**Problem to work on**
Reproduce exactly the lines of this material that begin at the line with "Vibrant aqua green" and end at the line with "If you have", both included. Omit the pictures and everything else.

**Records to process**
----

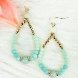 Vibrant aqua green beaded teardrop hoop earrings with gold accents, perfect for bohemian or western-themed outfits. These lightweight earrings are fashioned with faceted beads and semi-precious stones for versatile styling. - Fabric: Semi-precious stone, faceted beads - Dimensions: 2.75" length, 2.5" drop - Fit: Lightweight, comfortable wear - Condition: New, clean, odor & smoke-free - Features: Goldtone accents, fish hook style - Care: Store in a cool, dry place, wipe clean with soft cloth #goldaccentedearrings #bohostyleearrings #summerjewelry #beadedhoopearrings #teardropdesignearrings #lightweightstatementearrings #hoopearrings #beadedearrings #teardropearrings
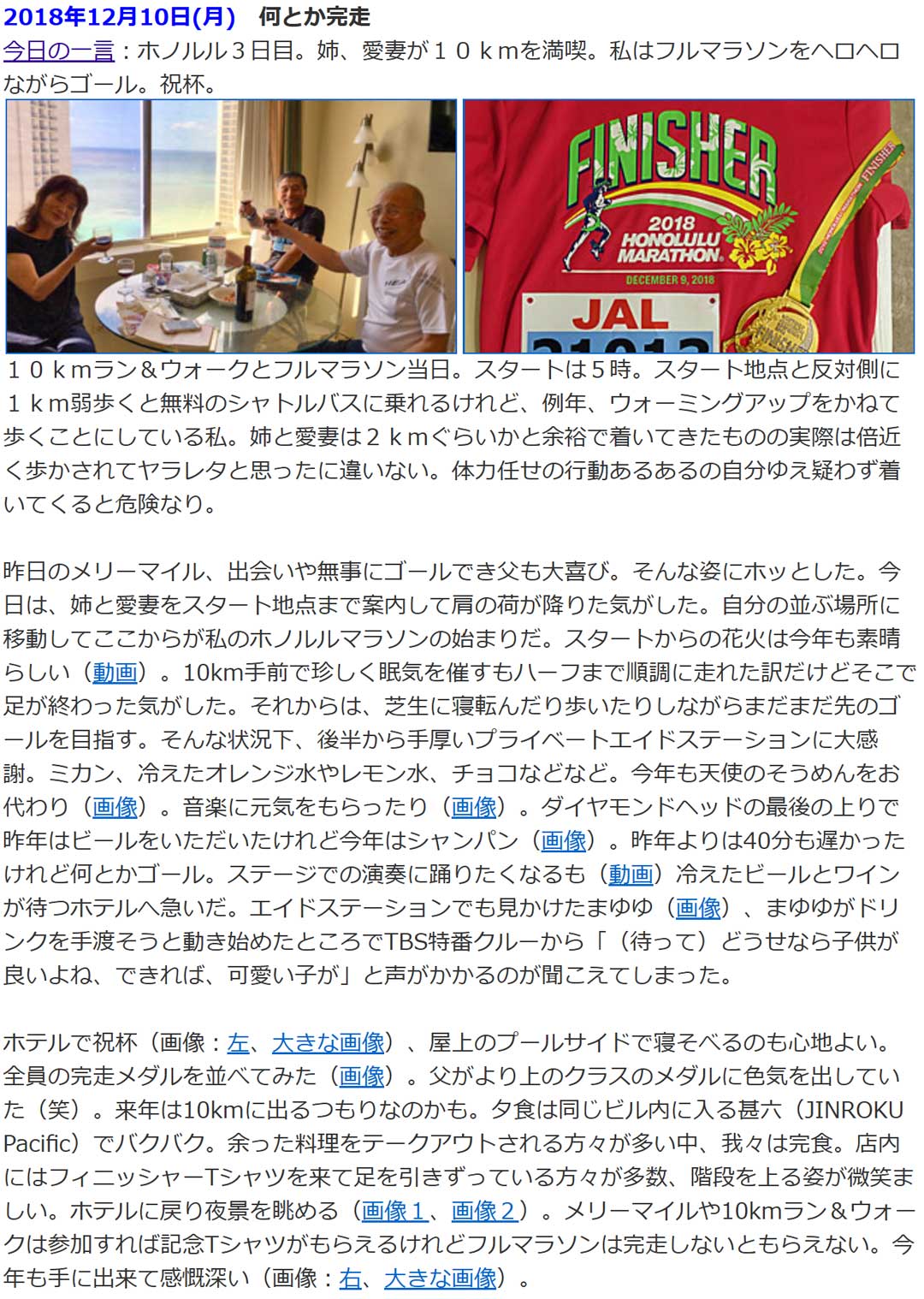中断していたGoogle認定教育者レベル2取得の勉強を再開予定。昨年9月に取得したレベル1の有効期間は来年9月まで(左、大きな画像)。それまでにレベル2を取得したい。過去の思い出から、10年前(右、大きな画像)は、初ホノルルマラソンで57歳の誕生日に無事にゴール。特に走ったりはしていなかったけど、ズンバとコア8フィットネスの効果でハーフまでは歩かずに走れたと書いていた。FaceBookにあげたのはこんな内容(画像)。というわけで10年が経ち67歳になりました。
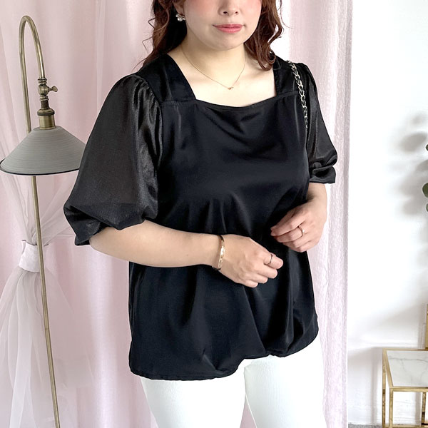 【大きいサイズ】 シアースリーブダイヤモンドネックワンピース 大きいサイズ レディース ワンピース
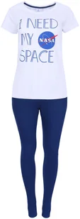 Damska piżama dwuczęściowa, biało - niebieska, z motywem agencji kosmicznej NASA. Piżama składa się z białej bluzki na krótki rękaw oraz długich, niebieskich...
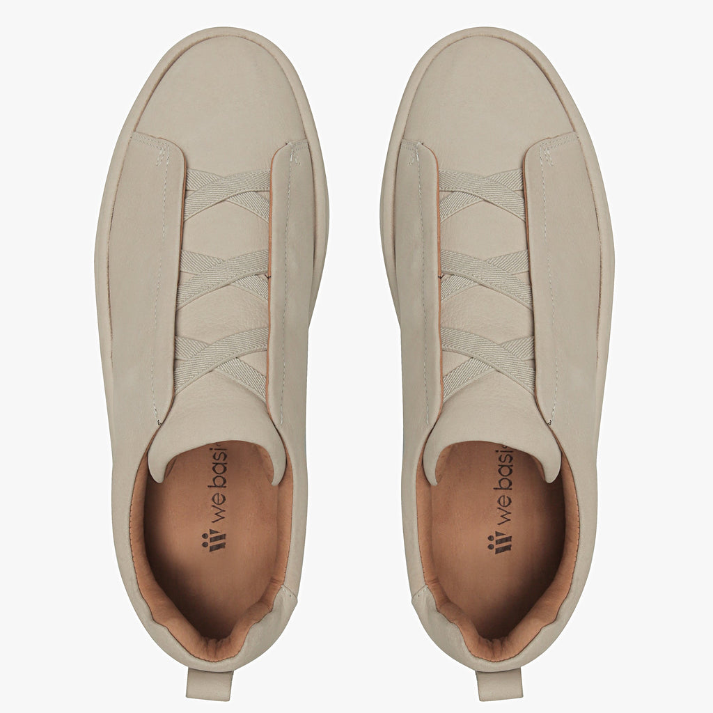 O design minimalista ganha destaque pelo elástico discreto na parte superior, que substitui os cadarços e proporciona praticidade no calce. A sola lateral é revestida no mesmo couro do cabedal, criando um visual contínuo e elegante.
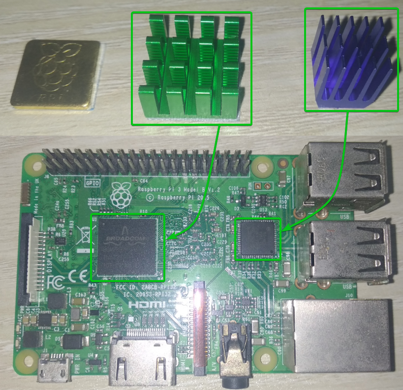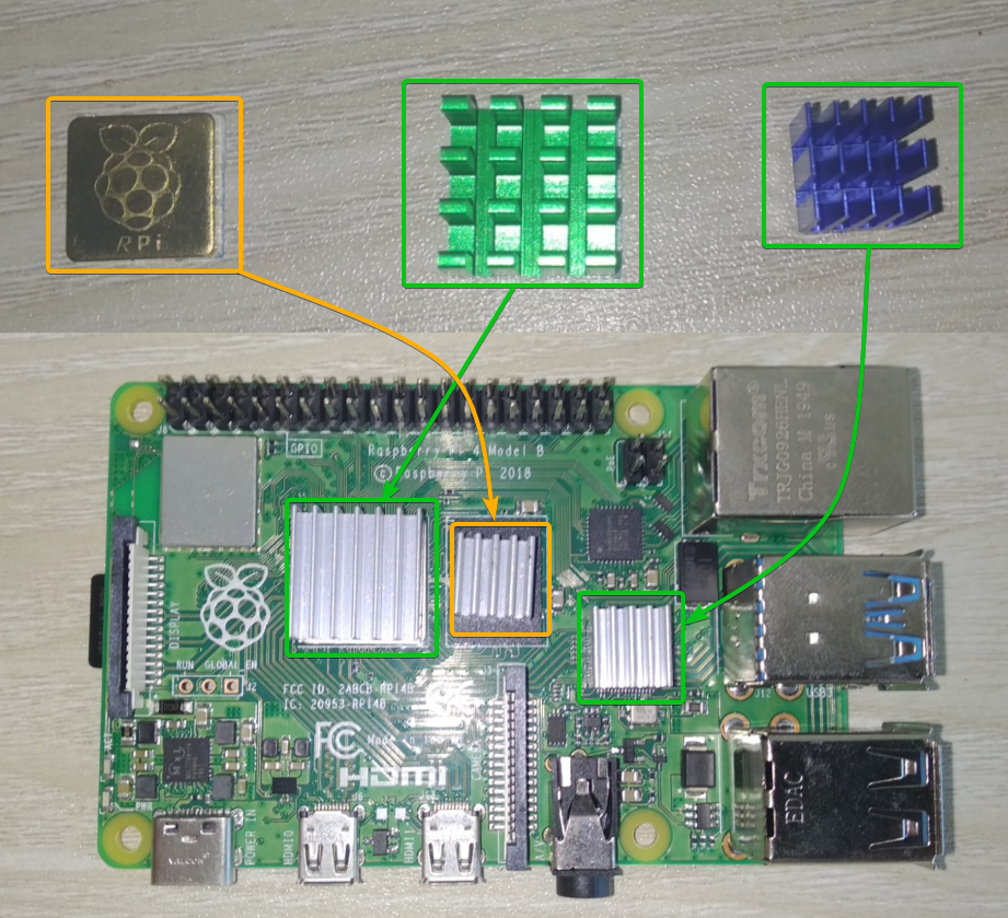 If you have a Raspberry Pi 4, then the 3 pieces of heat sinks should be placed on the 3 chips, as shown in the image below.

----

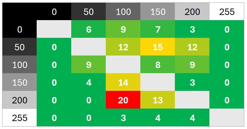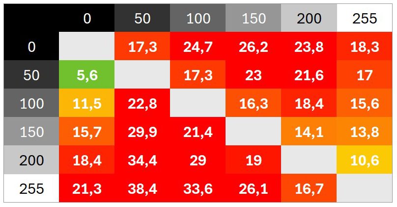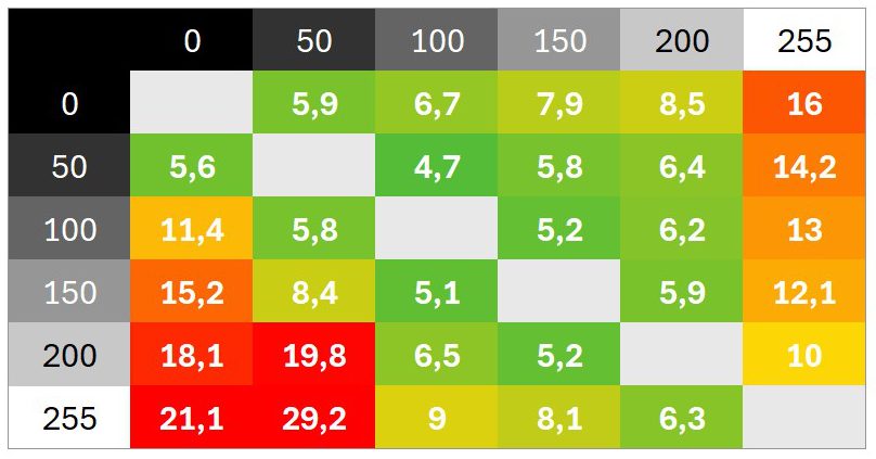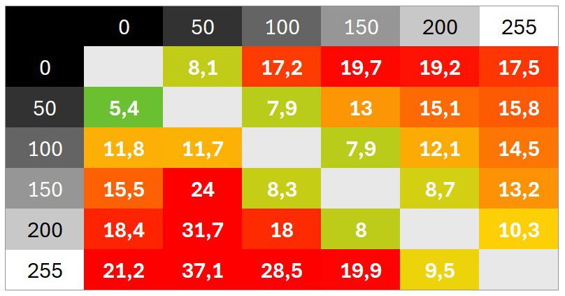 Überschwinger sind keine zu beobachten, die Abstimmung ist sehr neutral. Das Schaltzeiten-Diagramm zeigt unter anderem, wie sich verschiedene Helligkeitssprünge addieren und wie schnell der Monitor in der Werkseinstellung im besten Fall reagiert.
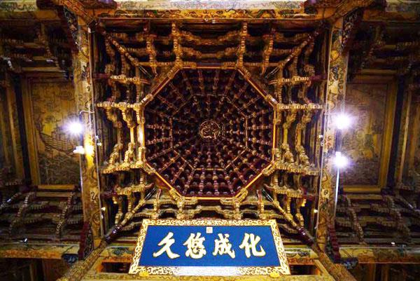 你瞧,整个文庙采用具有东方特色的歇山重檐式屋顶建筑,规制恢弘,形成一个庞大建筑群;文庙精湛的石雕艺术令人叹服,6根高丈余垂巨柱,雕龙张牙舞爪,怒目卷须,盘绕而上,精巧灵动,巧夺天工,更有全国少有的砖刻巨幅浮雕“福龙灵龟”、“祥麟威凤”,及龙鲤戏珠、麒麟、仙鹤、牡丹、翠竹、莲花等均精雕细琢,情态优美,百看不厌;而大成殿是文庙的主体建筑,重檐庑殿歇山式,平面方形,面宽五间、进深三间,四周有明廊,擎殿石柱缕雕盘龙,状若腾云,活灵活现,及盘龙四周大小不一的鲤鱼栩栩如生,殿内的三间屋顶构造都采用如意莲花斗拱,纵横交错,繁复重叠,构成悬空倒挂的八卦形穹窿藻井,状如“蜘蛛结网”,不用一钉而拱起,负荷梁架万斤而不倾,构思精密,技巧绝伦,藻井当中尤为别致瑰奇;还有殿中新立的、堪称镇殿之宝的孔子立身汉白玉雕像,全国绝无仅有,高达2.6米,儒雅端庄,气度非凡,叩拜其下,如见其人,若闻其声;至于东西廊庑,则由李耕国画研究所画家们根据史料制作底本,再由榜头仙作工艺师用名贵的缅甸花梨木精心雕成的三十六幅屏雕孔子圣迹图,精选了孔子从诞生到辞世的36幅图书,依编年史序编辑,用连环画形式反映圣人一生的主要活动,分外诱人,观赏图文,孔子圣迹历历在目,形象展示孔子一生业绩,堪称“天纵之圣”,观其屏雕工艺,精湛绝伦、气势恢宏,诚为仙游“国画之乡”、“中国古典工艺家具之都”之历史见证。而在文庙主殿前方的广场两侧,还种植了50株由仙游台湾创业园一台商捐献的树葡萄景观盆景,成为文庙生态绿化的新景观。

----

**Result of this exercise**
 Vibrant aqua green beaded teardrop hoop earrings with gold accents, perfect for bohemian or western-themed outfits. These lightweight earrings are fashioned with faceted beads and semi-precious stones for versatile styling. - Fabric: Semi-precious stone, faceted beads - Dimensions: 2.75" length, 2.5" drop - Fit: Lightweight, comfortable wear - Condition: New, clean, odor & smoke-free - Features: Goldtone accents, fish hook style - Care: Store in a cool, dry place, wipe clean with soft cloth #goldaccentedearrings #bohostyleearrings #summerjewelry #beadedhoopearrings #teardropdesignearrings #lightweightstatementearrings #hoopearrings #beadedearrings #teardropearrings
中断していたGoogle認定教育者レベル2取得の勉強を再開予定。昨年9月に取得したレベル1の有効期間は来年9月まで(左、大きな画像)。それまでにレベル2を取得したい。過去の思い出から、10年前(右、大きな画像)は、初ホノルルマラソンで57歳の誕生日に無事にゴール。特に走ったりはしていなかったけど、ズンバとコア8フィットネスの効果でハーフまでは歩かずに走れたと書いていた。FaceBookにあげたのはこんな内容(画像)。というわけで10年が経ち67歳になりました。
 【大きいサイズ】 シアースリーブダイヤモンドネックワンピース 大きいサイズ レディース ワンピース
 Damska piżama dwuczęściowa, biało - niebieska, z motywem agencji kosmicznej NASA. Piżama składa się z białej bluzki na krótki rękaw oraz długich, niebieskich...
 O design minimalista ganha destaque pelo elástico discreto na parte superior, que substitui os cadarços e proporciona praticidade no calce. A sola lateral é revestida no mesmo couro do cabedal, criando um visual contínuo e elegante.
 If you have a Raspberry Pi 4, then the 3 pieces of heat sinks should be placed on the 3 chips, as shown in the image below.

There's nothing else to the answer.